Data below ▸
* * * * * * *
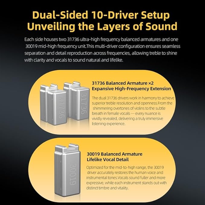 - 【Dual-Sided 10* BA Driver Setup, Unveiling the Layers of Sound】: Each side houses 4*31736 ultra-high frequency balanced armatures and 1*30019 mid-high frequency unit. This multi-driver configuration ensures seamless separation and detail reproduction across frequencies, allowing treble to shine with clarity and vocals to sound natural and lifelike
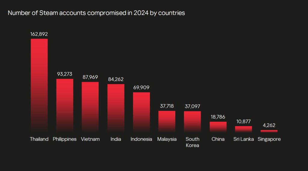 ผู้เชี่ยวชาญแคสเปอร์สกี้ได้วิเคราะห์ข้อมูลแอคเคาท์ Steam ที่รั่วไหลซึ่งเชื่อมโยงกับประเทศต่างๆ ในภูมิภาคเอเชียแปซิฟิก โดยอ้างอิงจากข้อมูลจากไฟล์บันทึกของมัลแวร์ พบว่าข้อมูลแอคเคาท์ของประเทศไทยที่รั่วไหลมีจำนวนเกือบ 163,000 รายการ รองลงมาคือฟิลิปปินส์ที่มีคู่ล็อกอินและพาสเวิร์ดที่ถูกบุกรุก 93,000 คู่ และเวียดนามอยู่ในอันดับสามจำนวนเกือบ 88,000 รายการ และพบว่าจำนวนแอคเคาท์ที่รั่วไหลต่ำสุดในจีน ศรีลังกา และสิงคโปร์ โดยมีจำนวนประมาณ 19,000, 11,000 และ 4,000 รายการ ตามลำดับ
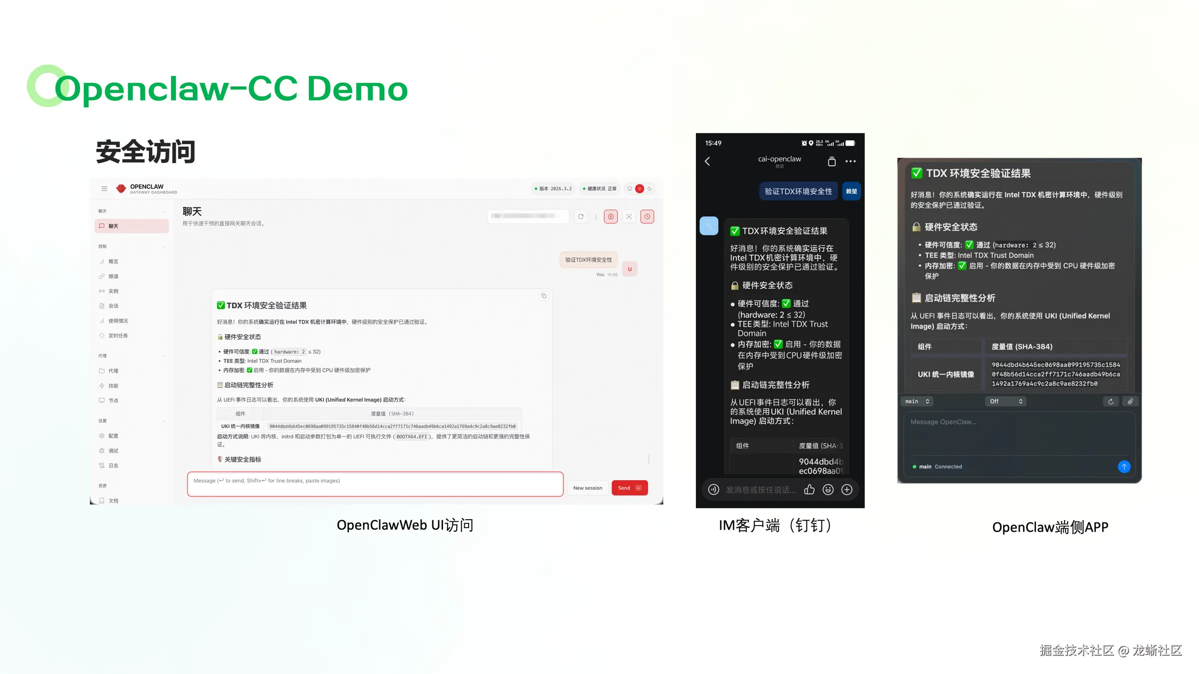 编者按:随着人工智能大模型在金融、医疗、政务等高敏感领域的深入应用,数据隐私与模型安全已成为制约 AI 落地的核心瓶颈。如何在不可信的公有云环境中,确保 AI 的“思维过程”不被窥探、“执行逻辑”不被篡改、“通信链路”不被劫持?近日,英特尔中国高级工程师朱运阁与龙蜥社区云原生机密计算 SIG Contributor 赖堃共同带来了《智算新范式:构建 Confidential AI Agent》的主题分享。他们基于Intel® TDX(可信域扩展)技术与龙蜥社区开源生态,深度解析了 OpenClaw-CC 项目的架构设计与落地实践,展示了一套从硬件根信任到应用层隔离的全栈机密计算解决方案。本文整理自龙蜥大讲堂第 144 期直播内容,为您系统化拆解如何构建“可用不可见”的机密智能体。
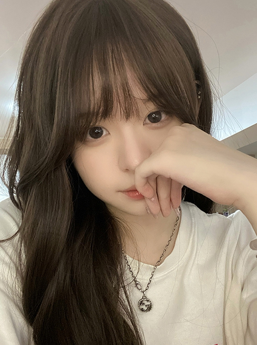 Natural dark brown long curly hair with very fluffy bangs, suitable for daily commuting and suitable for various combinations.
* * * * * * *
Problem ▸
Once the line with "4,000 รายการ ตามลำดับ" is found, output it and every line after it through the end of the listing, exactly, without pictures.

Solution to the problem ▸
 ผู้เชี่ยวชาญแคสเปอร์สกี้ได้วิเคราะห์ข้อมูลแอคเคาท์ Steam ที่รั่วไหลซึ่งเชื่อมโยงกับประเทศต่างๆ ในภูมิภาคเอเชียแปซิฟิก โดยอ้างอิงจากข้อมูลจากไฟล์บันทึกของมัลแวร์ พบว่าข้อมูลแอคเคาท์ของประเทศไทยที่รั่วไหลมีจำนวนเกือบ 163,000 รายการ รองลงมาคือฟิลิปปินส์ที่มีคู่ล็อกอินและพาสเวิร์ดที่ถูกบุกรุก 93,000 คู่ และเวียดนามอยู่ในอันดับสามจำนวนเกือบ 88,000 รายการ และพบว่าจำนวนแอคเคาท์ที่รั่วไหลต่ำสุดในจีน ศรีลังกา และสิงคโปร์ โดยมีจำนวนประมาณ 19,000, 11,000 และ 4,000 รายการ ตามลำดับ
 编者按:随着人工智能大模型在金融、医疗、政务等高敏感领域的深入应用,数据隐私与模型安全已成为制约 AI 落地的核心瓶颈。如何在不可信的公有云环境中,确保 AI 的“思维过程”不被窥探、“执行逻辑”不被篡改、“通信链路”不被劫持?近日,英特尔中国高级工程师朱运阁与龙蜥社区云原生机密计算 SIG Contributor 赖堃共同带来了《智算新范式:构建 Confidential AI Agent》的主题分享。他们基于Intel® TDX(可信域扩展)技术与龙蜥社区开源生态,深度解析了 OpenClaw-CC 项目的架构设计与落地实践,展示了一套从硬件根信任到应用层隔离的全栈机密计算解决方案。本文整理自龙蜥大讲堂第 144 期直播内容,为您系统化拆解如何构建“可用不可见”的机密智能体。
 Natural dark brown long curly hair with very fluffy bangs, suitable for daily commuting and suitable for various combinations.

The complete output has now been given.